La sociedad serie B

La sociedad serie B

Por | 11 de noviembre de 2021

El cine serie B y América Latina tienen en común una violencia desmedida y mórbida en sus escenarios. La única diferencia entre esta categoría del celuloide y el contexto de esta región del orbe es la cualidad de su realidad. Mientras que el primero tiene por objetivo el entretenimiento a través de narrativas ficticias acompañadas de una violencia absurda y exagerada; la segunda, por causas estructurales, provoca acontecimientos similares en la realidad de la mayoría de la población latinoamericana. Las zonas populares, como urbes o poblados, son escenarios frecuentes para diversos brotes de violencia.

Uno de los personajes de estos largometrajes es el asesino serial, cuyas acciones no difieren de las perpetradas por algunos habitantes de Latinoamérica. Quizá lo disímil entre el cine serie B y la sociedad latinoamericana es estético, pues el agresor fílmico posee lo torvo, cruel y hosco, y su víctima superviviente, lo bello, hermoso y benévolo, como rasos identitarios en el filme. En cambio, el latinoamericano, desposeído de los insumos elementales para su desarrollo, adquiere un aspecto desvalido, del cual tratará de despojarse recurriendo a los recursos inmediatos como la violencia. Este recurso formará parte de su cotidianidad.

La violencia, al ser ya una expresión ordinaria, establece una experiencia similar a la del espectador del cine serie B. Ya no escandaliza el hecho atroz, sea éste una lenta y dolorosa tortura, sea un desollamiento o desmembramiento, es percibido con insensibilidad y morbo, disfrute y deleite en no pocos casos. La experiencia permuta de la conmoción, ocasionada por el acto aterrador, al gozo, idéntico al del asiduo consumidor de este género fílmico. Tenemos una experiencia estética de la violencia latinoamericana.

Ya no disgusta la brutalidad del hecho, ya no se compadece a la víctima, mucho menos se simpatiza con ella, forma parte de este aterrador cuadro en movimiento. Pero no advierte el espectador que también podría tomar parte de una escena con igual o mayor grado de horror. El dolor y sufrimiento estimulan placenteramente a las personas, como en la proyección de un slasher.

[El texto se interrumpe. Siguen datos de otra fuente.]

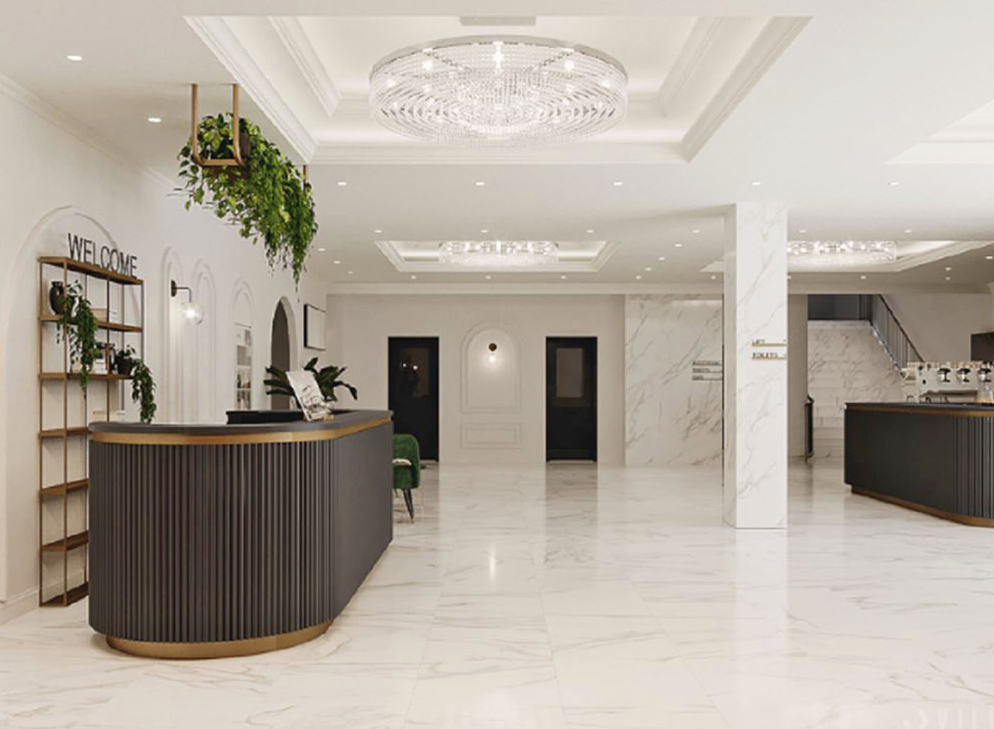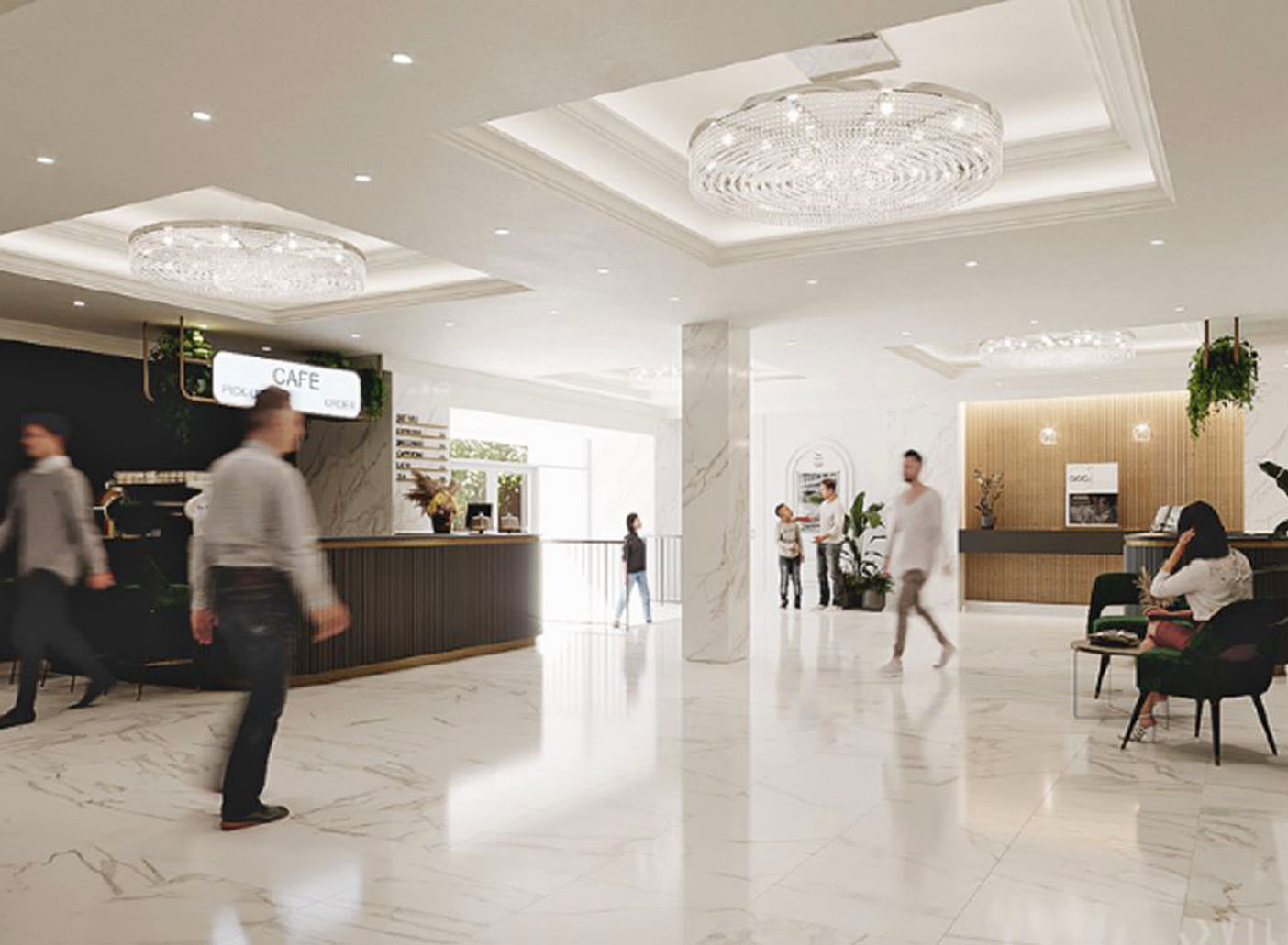 As soon as guests arrive, they're greeted by a welcoming grand entrance, with polished white marble floors, a chic welcome desk and a fully serviced cafe, creating an exceptional experience.
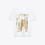 - Pamuk ipliğinden üretilmiş t-shirt. Bisiklet yaka ve kısa kollu. Ön kısımda metalik baskı detayı.
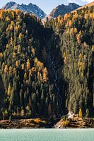 Waterval in de herfst. Deze foto laat de prachtige herfstkleuren zien in de Oostenrijkse alpen. Deze foto werd genomen in de buurt van de Kaunertaller gletsjer in tirol. De kleuren van het lichtblauwe meer zijn goed te zien.
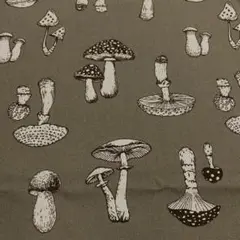 1m オックス キノコ柄 カーキ系 生地 はぎれ
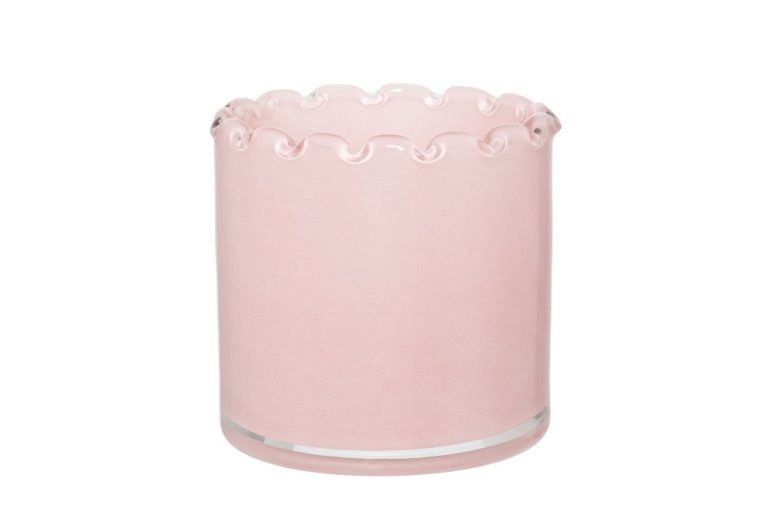 Lasilyhdyn muoto on selkeä ja ajaton ja sen yläreunaa koristaa kauniisti aaltoileva reunus, joka tuo tuotteeseen persoonallista ilmettä. Vaaleanpunainen lasi korostaa kynttilän valoa ja luo tilaan lämpimän tunnelman. Lasilyhdyn koko on 8,5 x 8,5 x 8 cm.
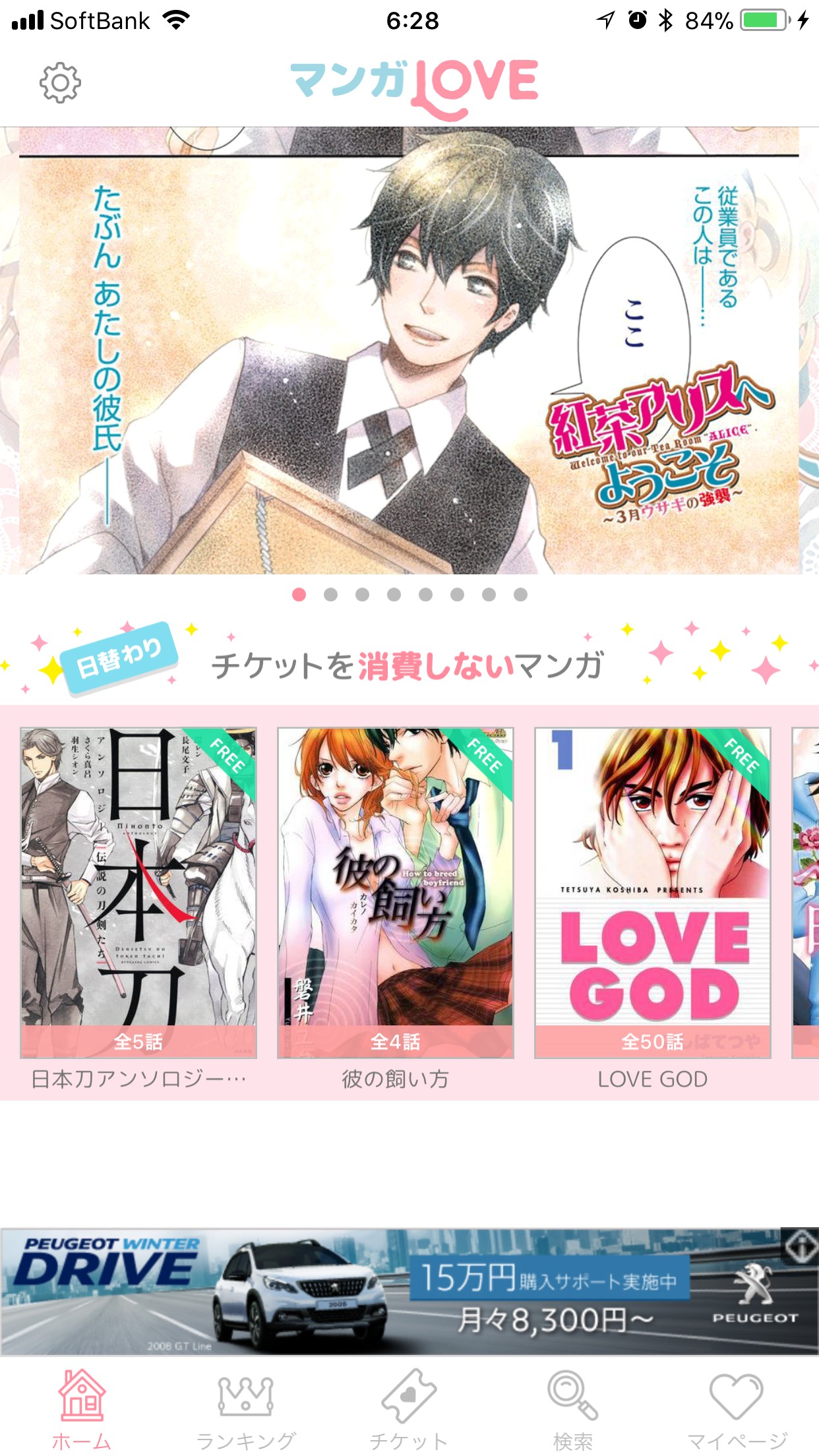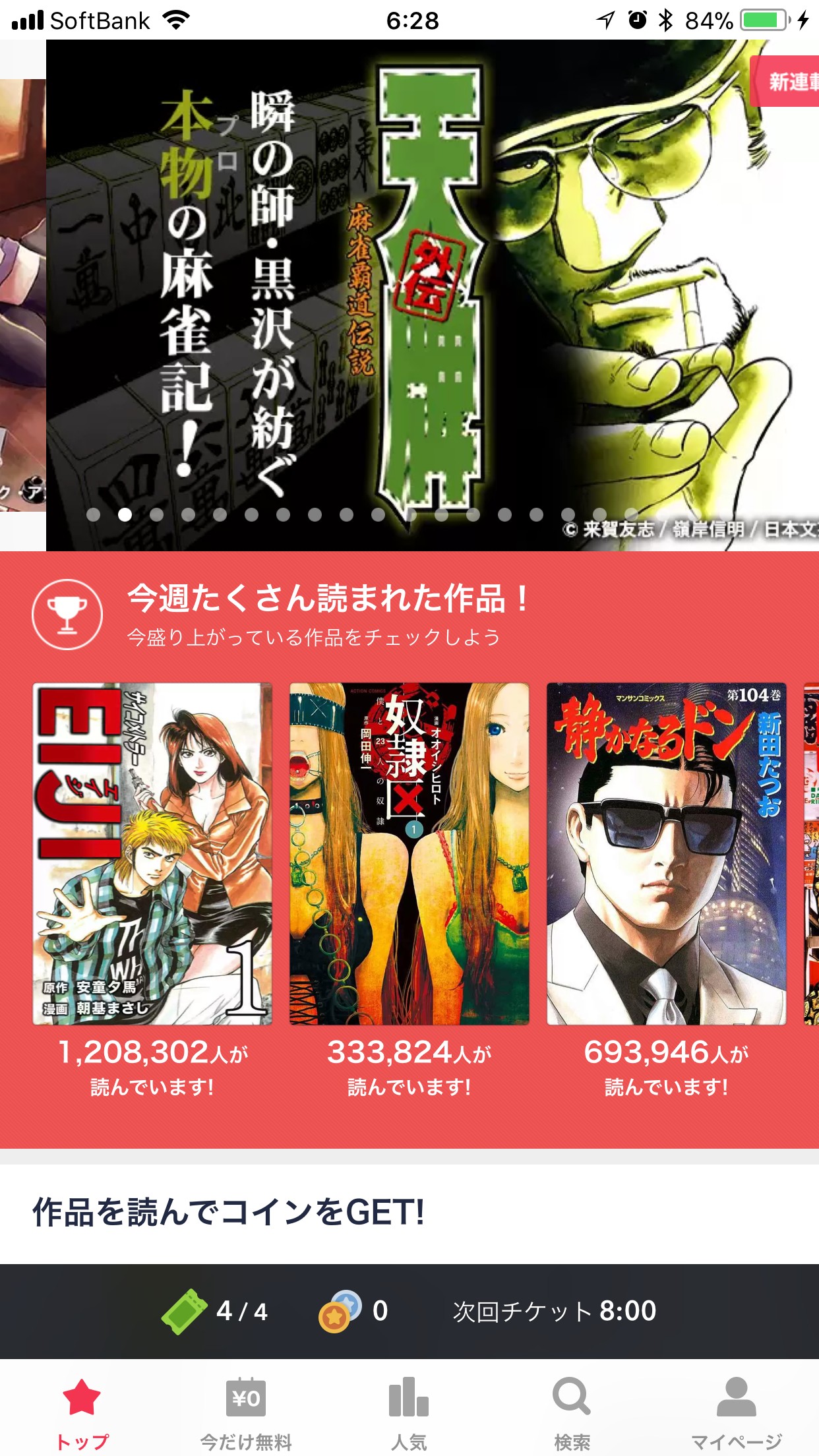 1日2回(8時、20時)に配布されるチケットを使って漫画を読みます。
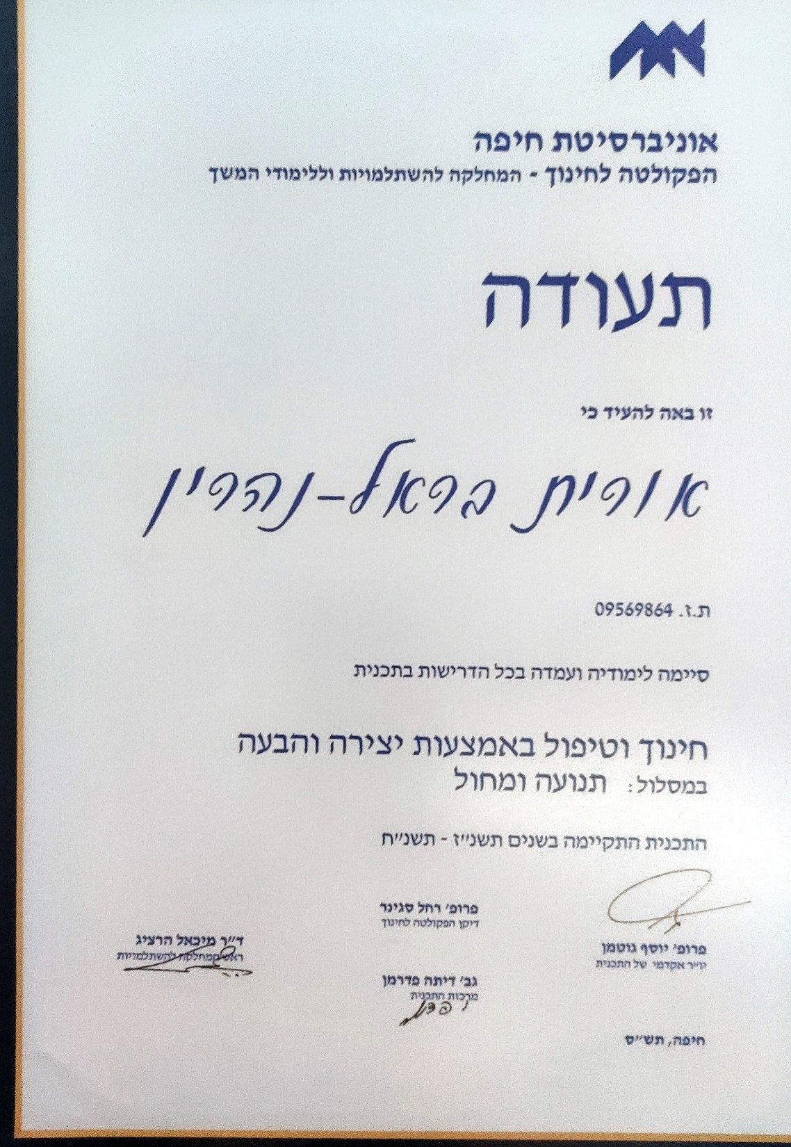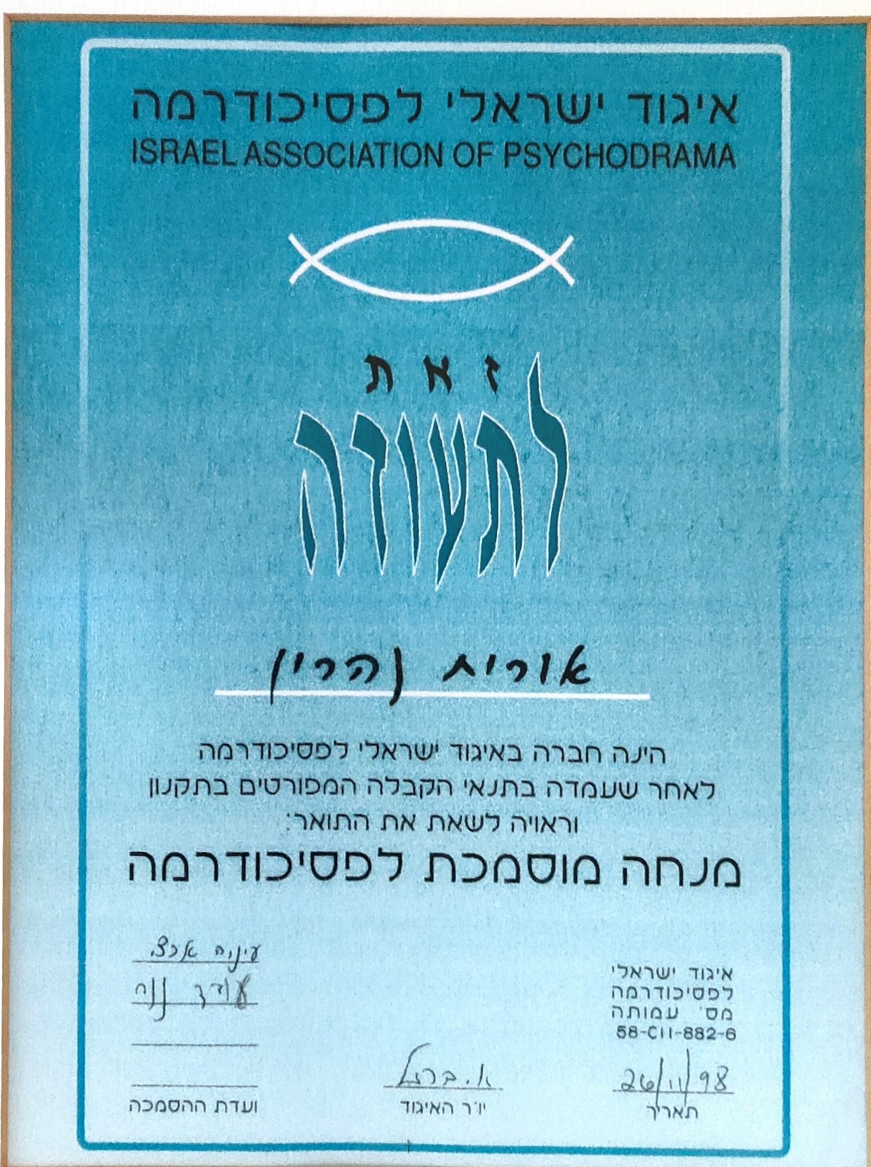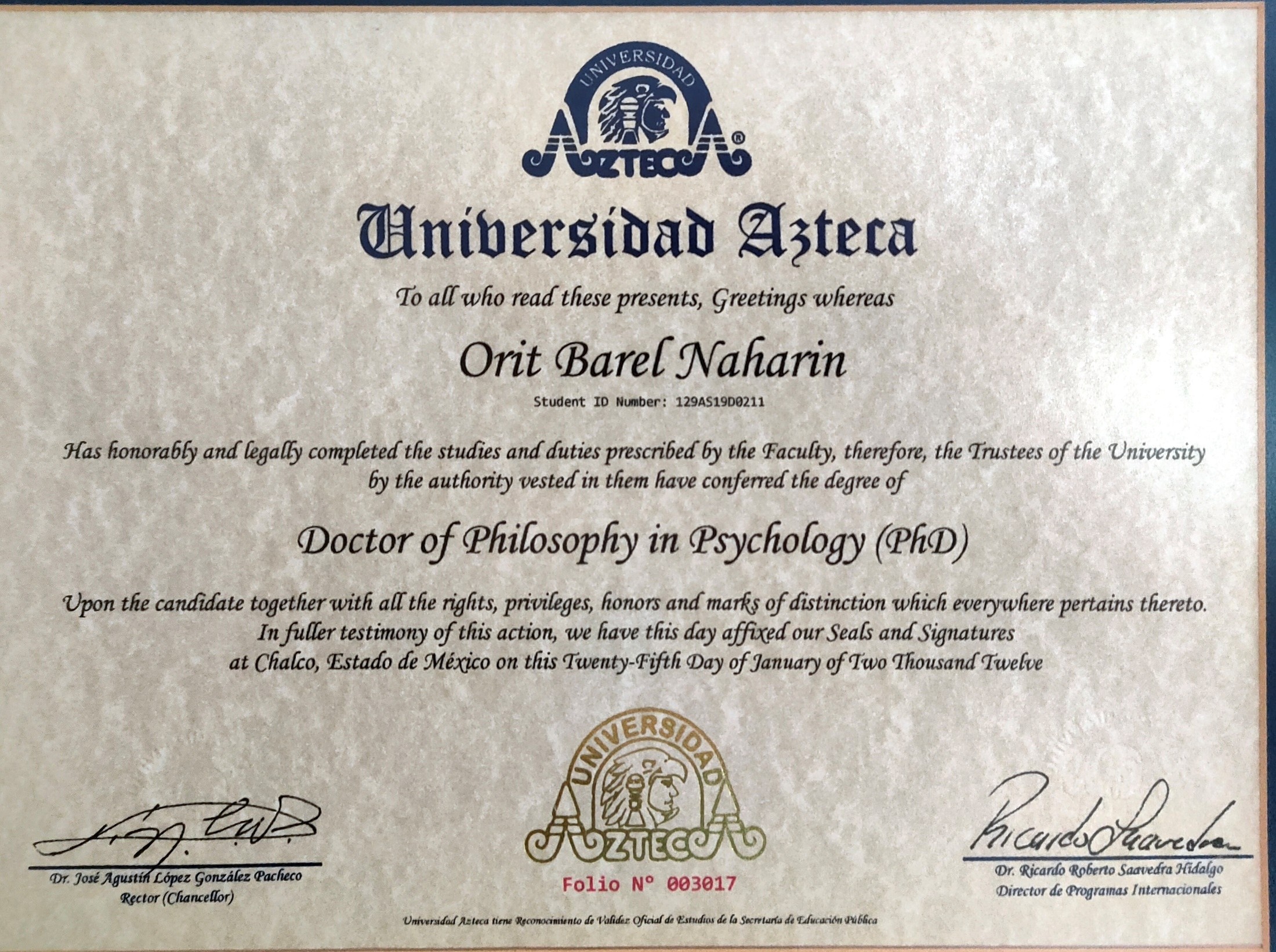 גלריית תמונות ותעודות הסמכה של ד"ר אורית בראל נהרין – מטפלת רגשית בחיפה
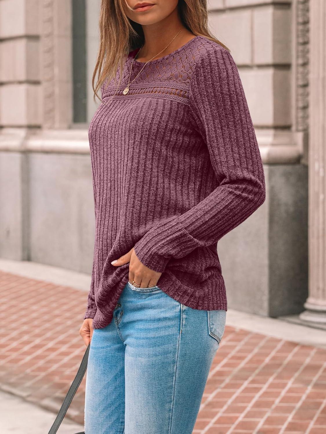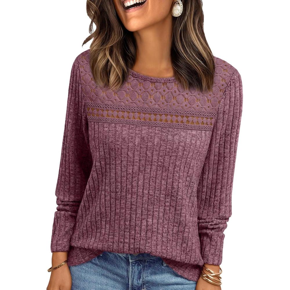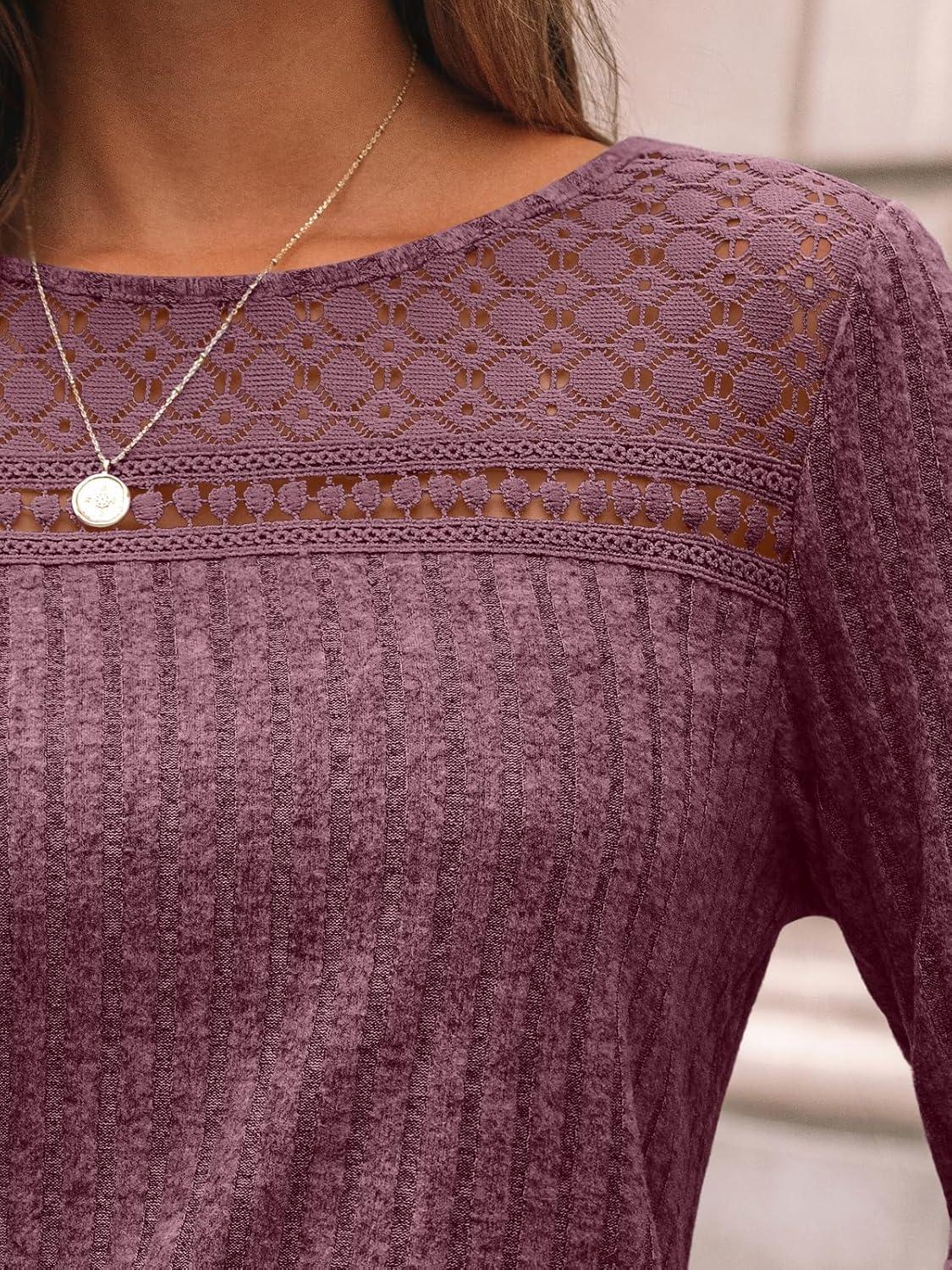 AUTOMET Womens Lace Long Sleeve Shirt Fall Top Fashion Dreesy Casual Tunic Sweaters Mesh Clothes Trendy Work Cute Outfits(Burgundy)

Uno de estos momentos de terror, cada vez más frecuente, es la ejecución tumultuaria, cometida por un grupo de personas. Cada individuo comparte la idea de aplicar la justicia improvisada, por lo que su personalidad se diluye en la muchedumbre: personas se agrupan para volverse asesinas acometiendo contra alguien más, su víctima, y el resto de los presentes se deleita al formar parte de esta escena del crimen. Se observa a unos con un rostro fascinado por la violencia ejecutada por los feroces e iracundos agresores y a otros filmando cada minucia con júbilo. Estamos ante el placer de la violencia.

Esta conducta es similar a la de los zombis, un tropel de muertos vivientes, cuya individualidad ha sido mitigada por el movimiento cuasi voluntario de alimentarse de los humanos vivos. Asimismo, los espectadores se deleitan de esta ficción. Entonces, los muertos vivientes y la turba, ambos amasijos de individuos despersonalizados, tienen en general un fin común, el daño colectivo a uno o varios individuos.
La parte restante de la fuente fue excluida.